On Thursday, the Federal Communications Commission extended for another five years regulations that allow satellite TV companies to obtain programming owned or dominated by cable. "The program access rules have allowed DBS operators to obtain popular programming at competitive prices, and fair access to programming has allowed DBS to provide consumers with real choice and competition," Wright said.

However, Wright expressed disappointment that the commission couldn't close the "terrestrial loophole," which allows cable companies to escape program access rules through terrestrial delivery of content to cable headends.

The loophole has allowed some cable companies to "evade Congressional intent that vertically-integrated programmers be required to sell their programming to all (multichannel video providers) on a fair and non-discriminatory basis," Wright said, adding that Congress should revisit the issue and close the loophole.

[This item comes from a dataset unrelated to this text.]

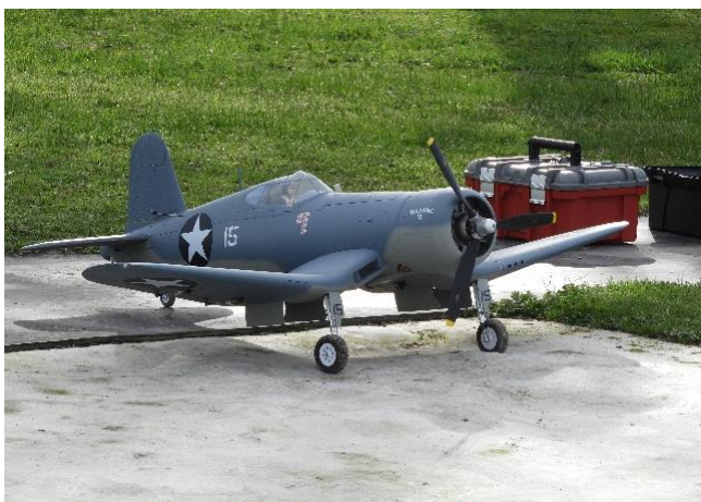
Another shot of Mark's F4U-1A Corsair.

It has a 1600mm Wingspan and comes complete with 60 size 5055-390KV electric outrunner motor, 80 amp ESC, 18 inch three blade prop and uses 11 servos.

Others also praised the FCC move.

Said Roxanne Austin, president and COO at DirecTV, "The program access rules were instrumental in helping DirecTV obtain programming to compete with entrenched cable operators, and today's decision by the FCC preserves competition and diversity in the multichannel TV marketplace. This five-year extension will be of great benefit to our customers, who will continue to have access to a wide variety of quality programming on DirecTV."

On the opposing side, Dan Brenner, senior vice president at the National Cable and Telecommunications Association, said the organization was disappointed that the FCC "chose not to eliminate this regulatory relic.

"Eliminating this rule this year would have restored balance in allowing limited exclusivity to be used to differentiate competitive offerings," Brenner said.